It may be that the Three had power to give new hope. When Círdan gives one of them to Gandalf, he says "this is the Ring of Fire, and with it you may rekindle hearts in a world that grows chill." [LotR App B (1122)] But perhaps Círdan's language was merely poetic. When Gandalf rekindled Théoden's heart, it seemed that his staff was important to the process [LotR III 6 (536-537)], but there was no statement that he used his ring. See a separate Q for the question of Gandalf's use of his ring to make enchantments with fire.
Not entirely.
Tolkien's characters call the Three Rings unsullied because Sauron had no direct part in making them and also because the Elves' purpose with the Three Rings "was in a limited way good, it included the healing of the real damages of malice, as well as the mere arrest of change; and the Elves did not desire to dominate other wills, nor to usurp all the world to their particular pleasure." [L #181 (236)]
But even the Elves were not blameless in the making of the Rings. Tolkien wrote to Naomi Mitchison, "But the Elves are not wholly good or in the right. Not so much because they had flirted with Sauron, as because with or without his assistance they were 'embalmers'. They wanted ... to stop its [Middle-earth's] change and history, stop its growth, keep it as a pleasaunce, even largely a desert, where they could be 'artists'." [L #154 (197)]
So the Three Rings were not ultimately corrupting, like the others; but they still represented an attempt to arrest the change that is the natural order of things.
(last revised 7 May 2002 )
It's not because she was an Elf; it's because the Three Rings didn't make anyone invisible. "The Elves of Eregion made Three supremely beautiful and powerful rings: ... they did not confer invisibility." [L #131 (152)]
Why did the Three not confer invisibility? Because invisibility from the other Rings was Sauron's work, and he did not help make the Three Rings.
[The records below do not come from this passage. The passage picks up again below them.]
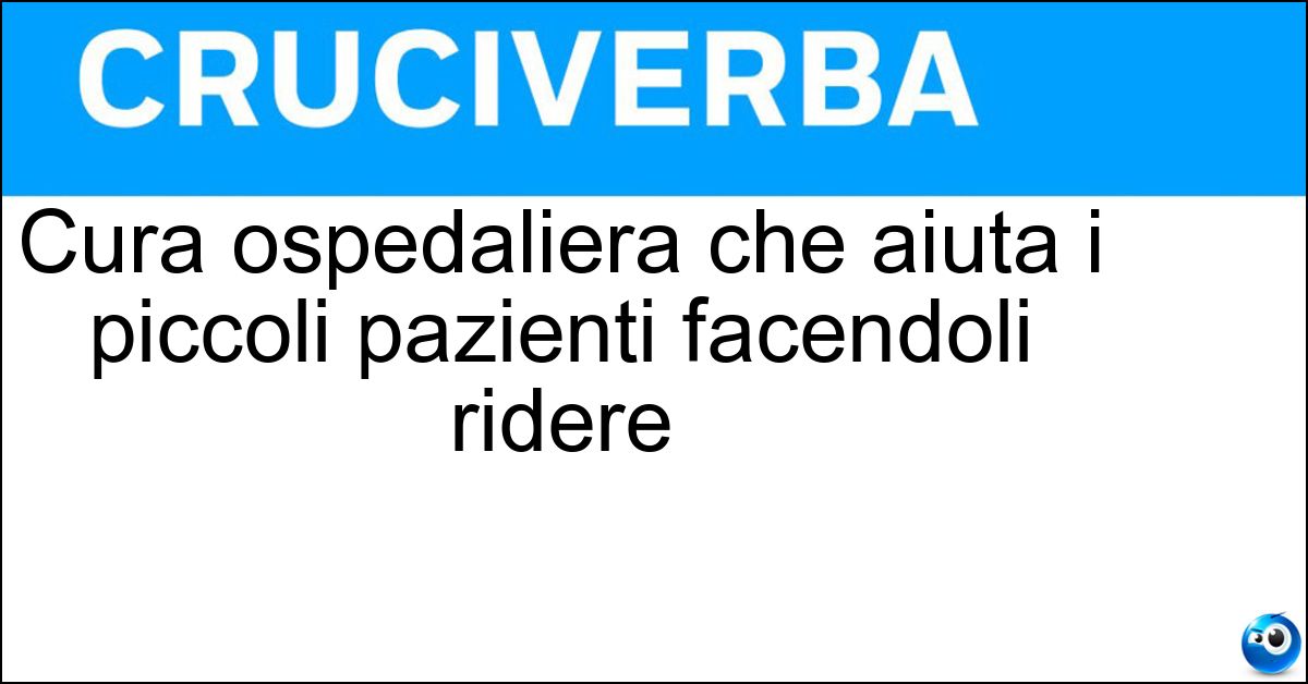 Nei cruciverba e nelle parole crociate, la definizione "Cura ospedaliera che aiuta i piccoli pazienti facendoli ridere" corrisponde a una soluzione formata da 12 lettere. È un quesito ricorrente nel mondo dell’enigmistica, presente con frequenza sia nelle griglie stampate sia nei giochi digitali dedicati agli appassionati.
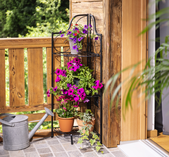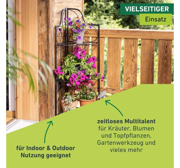 Das besonders stabile, freistehende Pflanzregal passt in jede Ecke und eignet sich für Innenräume genauso wie den Balkon, Terrasse und Garten. Kräuter, Blumen und Topfpflanzen kommen hier besonders schön zur Geltung! Aber auch Gartenwerkzeuge und ähnliches finden auf dem Pflanzregal Platz.
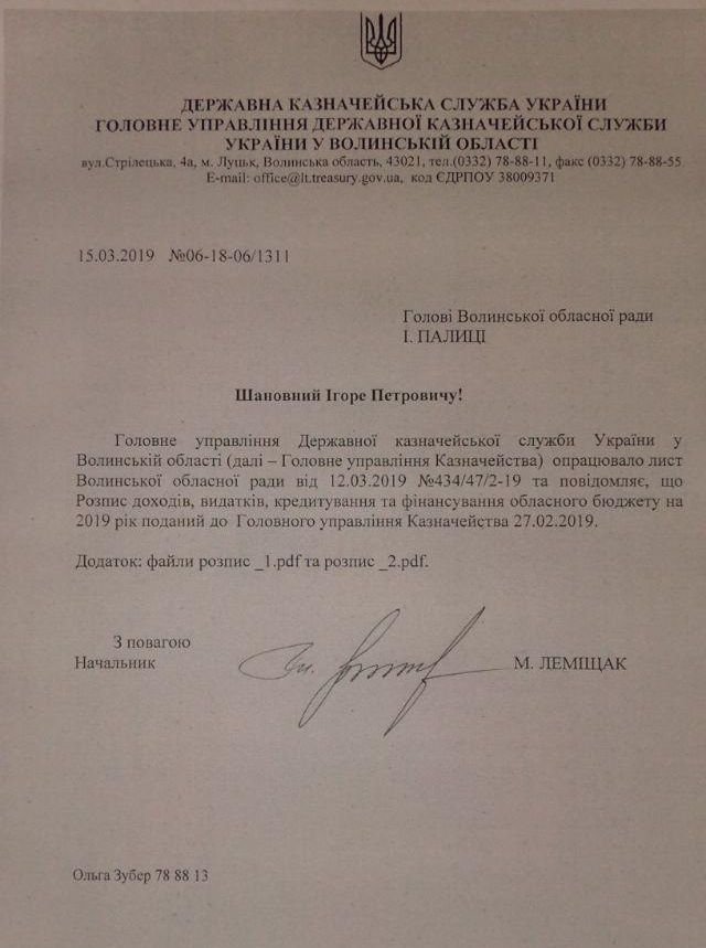 Про це стало відомо з відповіді Головного управління Державної казначейської служби України на офіційний запит голови Волинської обласної ради Ігоря Палиці.
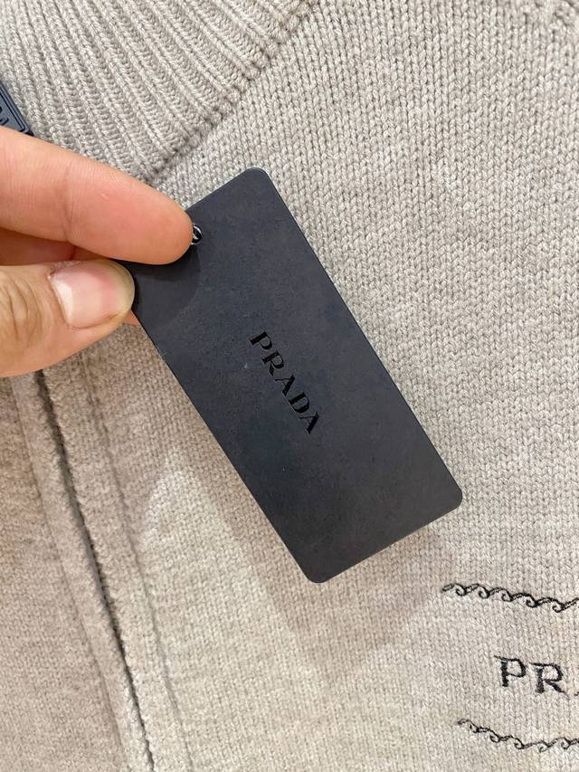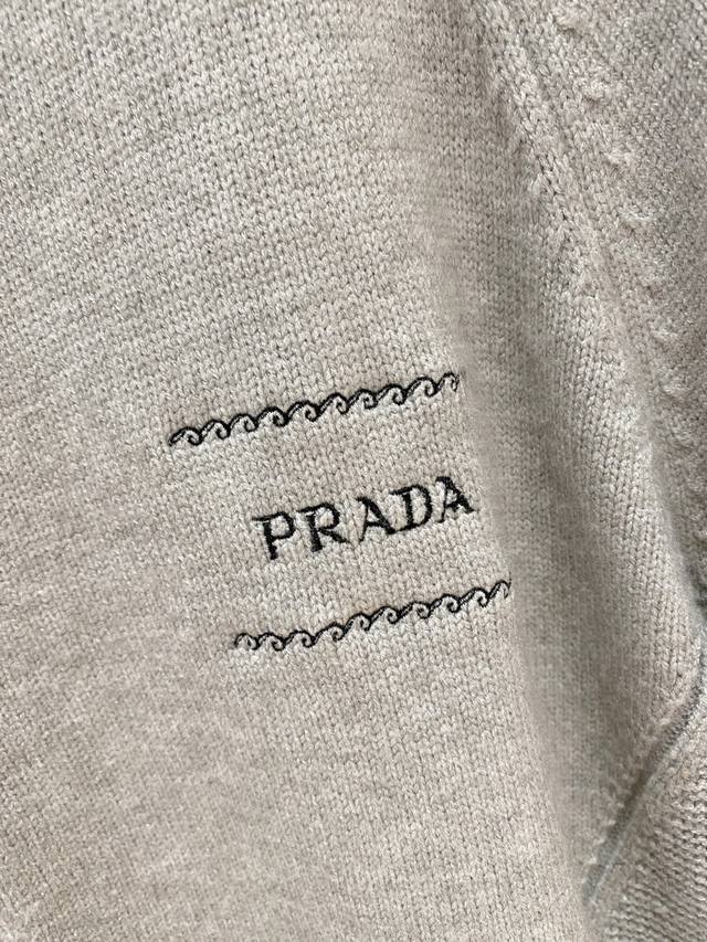 Prada 2025 New Autumn/Winter Knitted Wool Sweater. High-quality Italian imported wool blend fabric, high-density knit, fashionable and versatile sweater, very stylish. Classic logo jacquard design. Durable and not easily deformed, the fit can easily match various styles, a classic fashion style that is sought after year. All three tags are complete. High-quality bulk goods. Sizes: M-3XL DDD

From these facts we can infer that, if a Man or Hobbit kept and used one of the Three Rings, it would not turn him into a wraith. But that's quite theoretical, since it's hard to imagine any circumstance in which a mortal would be allowed to get hold of one of the Three.
See also: Invisibility
(rewritten 4 May 2002 )
Tolkien never made a clear statement either way, and opinion in r.a.b.t is divided. The majority hold that the Red Ring aided Gandalf's uses of fire and fireworks; the minority believe that the "fire" of that Ring's name is metaphorical. Neither side claims that the evidence is overwhelming.
You might be interested in reading the entire discussion in the thread Gandalf and fireworks from April 2002 in r.a.b.t. Some of what follows is drawn from that discussion.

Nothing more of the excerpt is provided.